(Items listed in a dataset)
▼

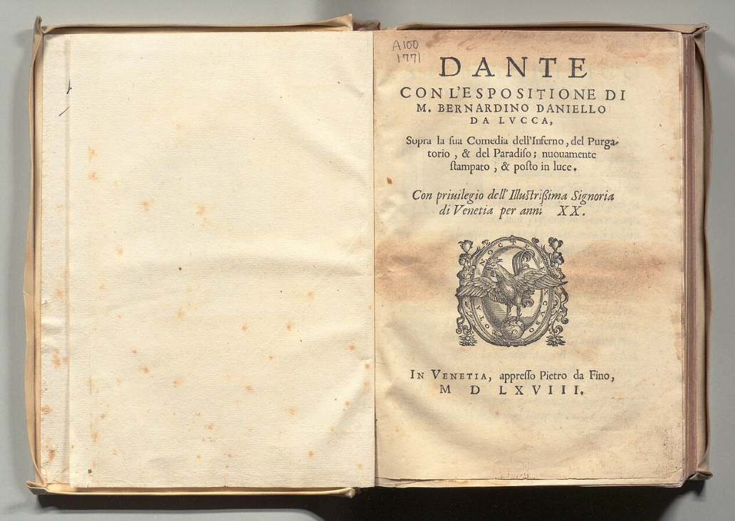 [TGL A100:1771] Dante con l’espositione di m. Bernardino Daniello da Lucca, Sopra la sua Comedia dell’Inferno, del Purgatorio, & del Paradiso; nuovamente stampato, & posto in luce, In Venetia, appresso Pietro da Fino, MDLXVIII
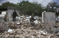 Security forces stand guard on a destroyed building following a
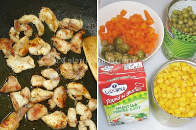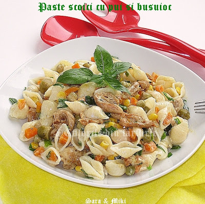 Pieptul de pui se taie cubulete si se prajeste in putin ulei de masline pana capata culoare. Pastele se fierb conform instructiunilor de pe ambalaj. Dupa ce au fiert se pun intr-o sita, se clatesc cu apa rece si se lasa la scurs.
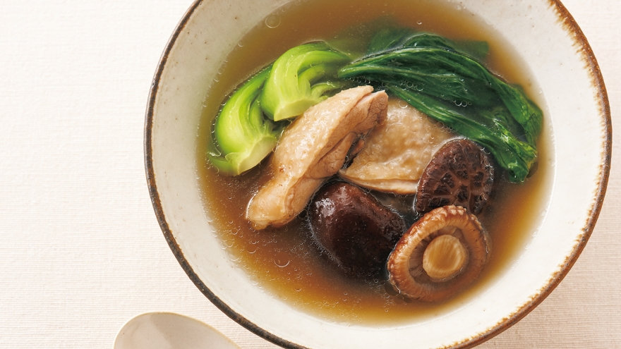干ししいたけは、戻し汁も使ってうまみを最大限に。骨付き肉との相乗効果でうまみが倍増します。味わい深いスープが完成です。
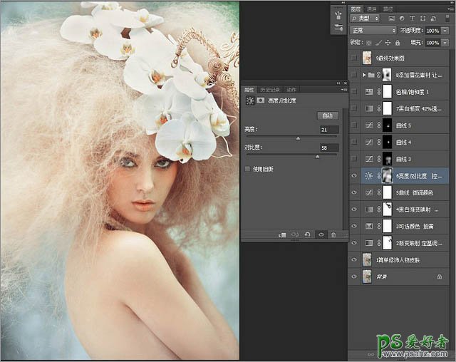 6、调整亮度/对比度,亮度21,对比度58,目的让画面更通透。
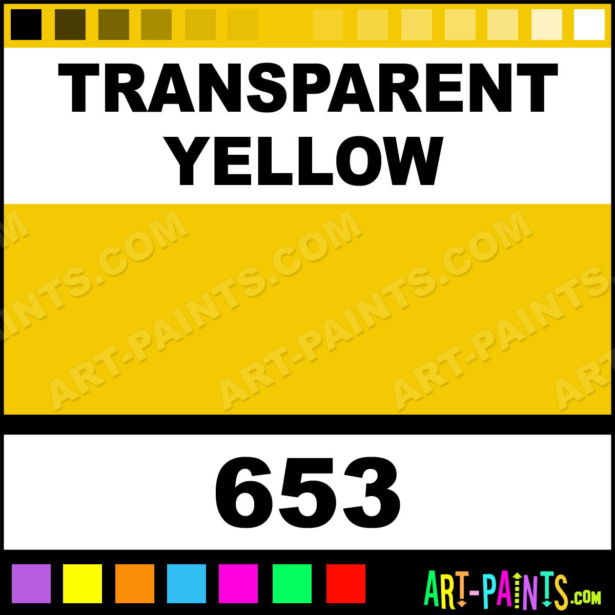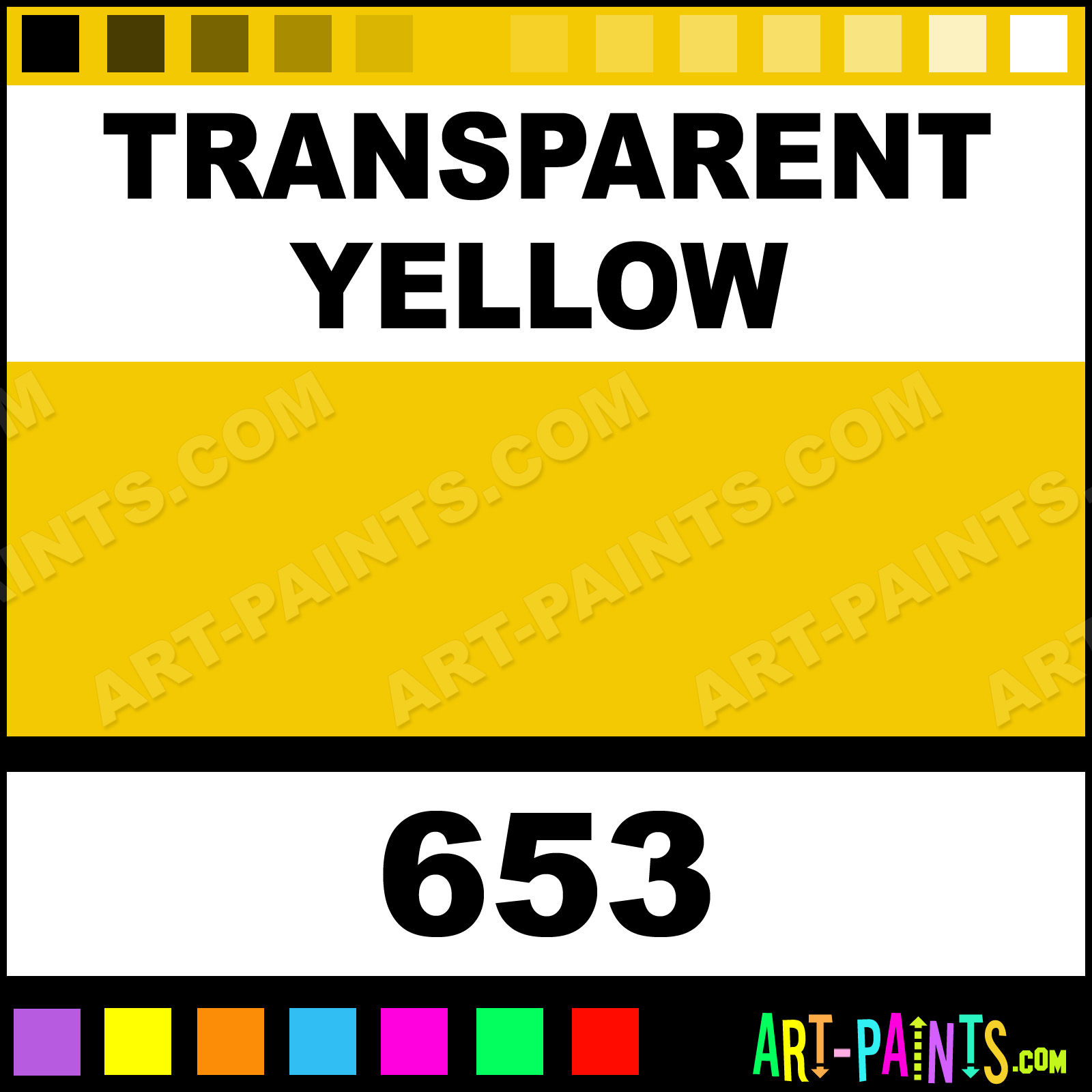 This beautiful Finity Acrylic shade is called Transparent Yellow, and comes from a company called Winsor and Newton. Their product number, along with the HTML color code, RGB, and CMYK codes are listed below. This Beautiful Shade of Transparent Yellow and others can be found in the Winsor and Newton Finity Art Paint Gallery! Also be sure to browse through the other wonderful Professional Color Galleries to see more of Winsor and Newton Finity Acrylic Brand Paints and other Paint Manufacturers. And as always, Paint Paint Paint! -Art-Paints.com

▲

> [TASK ITEM] The records above must be printed exactly, but the pictures they hold should be omitted.

> [REPLY TO THE EXERCISE]
 [TGL A100:1771] Dante con l’espositione di m. Bernardino Daniello da Lucca, Sopra la sua Comedia dell’Inferno, del Purgatorio, & del Paradiso; nuovamente stampato, & posto in luce, In Venetia, appresso Pietro da Fino, MDLXVIII
 Security forces stand guard on a destroyed building following a
 Pieptul de pui se taie cubulete si se prajeste in putin ulei de masline pana capata culoare. Pastele se fierb conform instructiunilor de pe ambalaj. Dupa ce au fiert se pun intr-o sita, se clatesc cu apa rece si se lasa la scurs.
干ししいたけは、戻し汁も使ってうまみを最大限に。骨付き肉との相乗効果でうまみが倍増します。味わい深いスープが完成です。
 6、调整亮度/对比度,亮度21,对比度58,目的让画面更通透。
 This beautiful Finity Acrylic shade is called Transparent Yellow, and comes from a company called Winsor and Newton. Their product number, along with the HTML color code, RGB, and CMYK codes are listed below. This Beautiful Shade of Transparent Yellow and others can be found in the Winsor and Newton Finity Art Paint Gallery! Also be sure to browse through the other wonderful Professional Color Galleries to see more of Winsor and Newton Finity Acrylic Brand Paints and other Paint Manufacturers. And as always, Paint Paint Paint! -Art-Paints.com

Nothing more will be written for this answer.